Вороны, всё ещё невидимые, по-прежнему кружили и каркали время от времени гонко, пронзительно, словно в действительности это были не птицы, а какая-то слуховая галлюцинация, которая кружит, и исчезает, и возвращается, и снова рассеивается в тишину. Наиболее странными казались их крики, когда они доносились издали. Будто бы каждая из птиц заглядывала в бездну и это лишало её сил. Крик был полон страха. Словно зов на помощь, когда опасность хватает за горло и из него вырываются короткие, приглушённые крики, которые только со стороны напоминают воронье карканье, а на самом деле относятся не только к птицам и птичьему царству.
Он и сам готов был кричать, звать человека. Себя… Может, легче было бы это спеть или дать сыграть оркестру. Только что бы музыканты ни пели и ни играли, наверняка их исполнению недоставало бы всего того, что происходит за стенами зала. А если кричать, он бы смог выкричать что-либо изнутри, и этот крик из глубины души был бы лишен любых примет внешнего мира. Тело — это всего-навсего инструмент. Который нужно тащить в гору, обходя терновник, из-за которого гора кажется особенно высокой, а склоны — крутыми, короче говоря, всё это — сплошное препятствие, которое проклинаешь и преодолеваешь, как можешь и умеешь… Ему захотелось лечь на спину и просто-напросто смотреть сквозь ветви на небо. Может быть, ему в конце концов удалось бы увидеть одну из ворон или то существо, которое каркало. Он верил, что, несмотря на снег и мороз, какое-то время с ним не случилось бы ничего плохого, ведь на нём были тулуп и шапка, в которых при подъёме в гору и так было слишком жарко, к тому же они были дополнительным грузом, дополнительной помехой в колючих кустах и среди всех
Внезапно у него появилось ощущение, что кто-то стоит за его спиной. Будто этот кто-то собирается ударить его по голове… Он быстро пригнулся. И отшатнулся. И оглянулся…

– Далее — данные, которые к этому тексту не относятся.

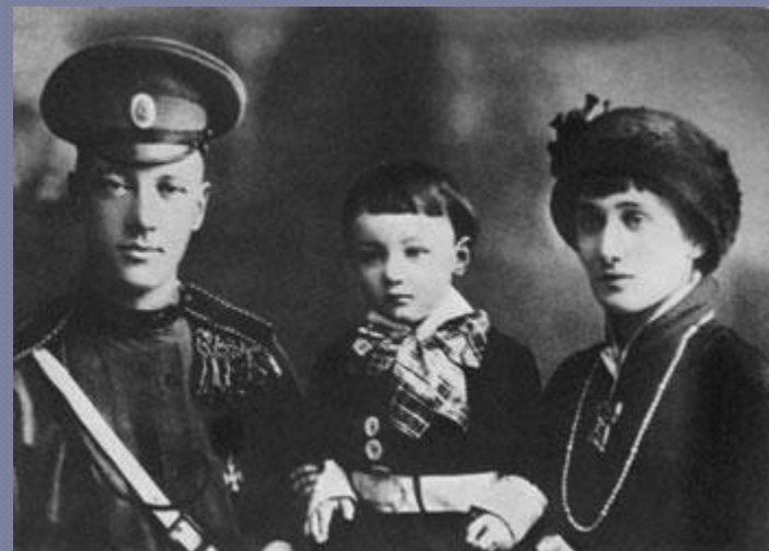
А.Ахматова и Н.Гумилев с сыном Львом.
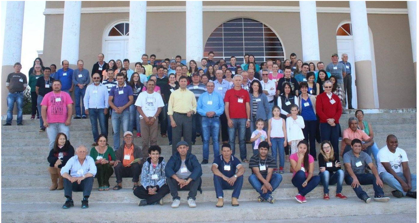
Paróquia Imaculada Conceição - Mariental.

19 a 25 de setembro de 2016 – Ano 2016 – n.º 129 www.diocesesp.org.br / aed@diocesesp.org.br
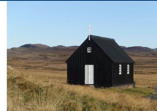
Krýsuvíkurkirkja daginn sem hún var hífð á grunn sinn þann 10. október 2020.

líkast því sem lífið endurriti leiftrandi von á dauðans minnisblað.
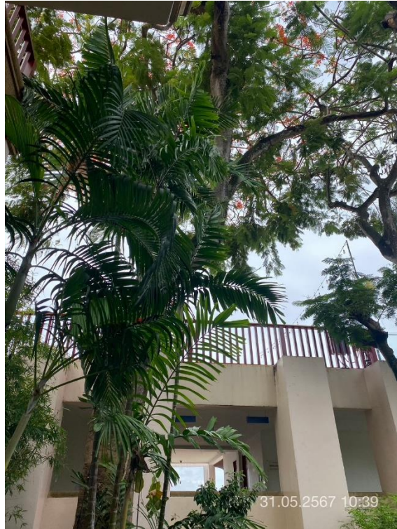
ภาพที่ 13 แสดงต้นไม้ทางทิศตะวันตก (บริเวณอาคาร A และ B)
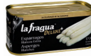
Código: 6212 Espárragos 17-24 Extra Lata 1 kg Bajo EAN13: 8436006916212
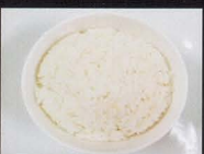
22. Riso bianco steamed rice € 1,50
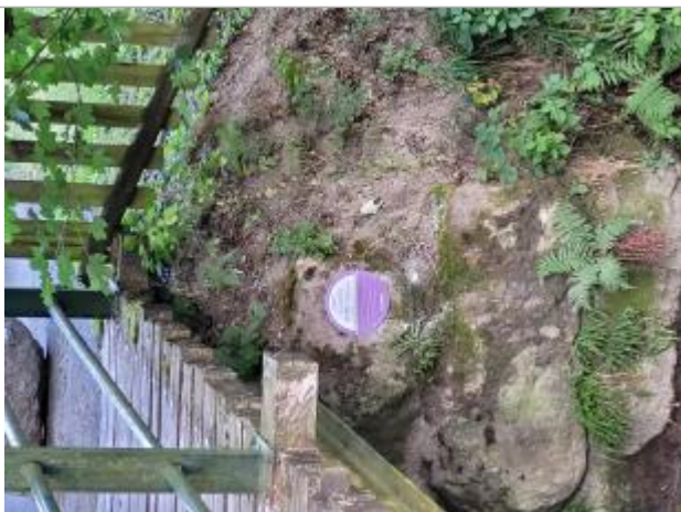
crue de l'Arve de novembre 2023 impasse du battoir

За спиной стояли только деревья. И среди них несколько низких кустов боярышника. Внизу, и вверху, и повсюду вокруг колыхалась серая мгла. Ни малейшего шороха не было слышно, ни малейшего движения вблизи не видно. Вороны немного раньше разлетелись в разные стороны, и их вездесущее карканье теперь едва доносилось издалека.
На этот раз он был здорово обескуражен. Так что не мог пренебрежительно отмахнуться от почудившегося…
Хотя услышать или увидеть что-либо было невозможно.
Скорее всего, ему показалось… Он поднимался по склону, местами заледеневшему под снегом. И не мог удержаться от того, чтобы снова и снова в напряжённом ожидании не оглядываться на кусты и деревья, оставшиеся за его спиной, — хотя и знал, что озирается напрасно.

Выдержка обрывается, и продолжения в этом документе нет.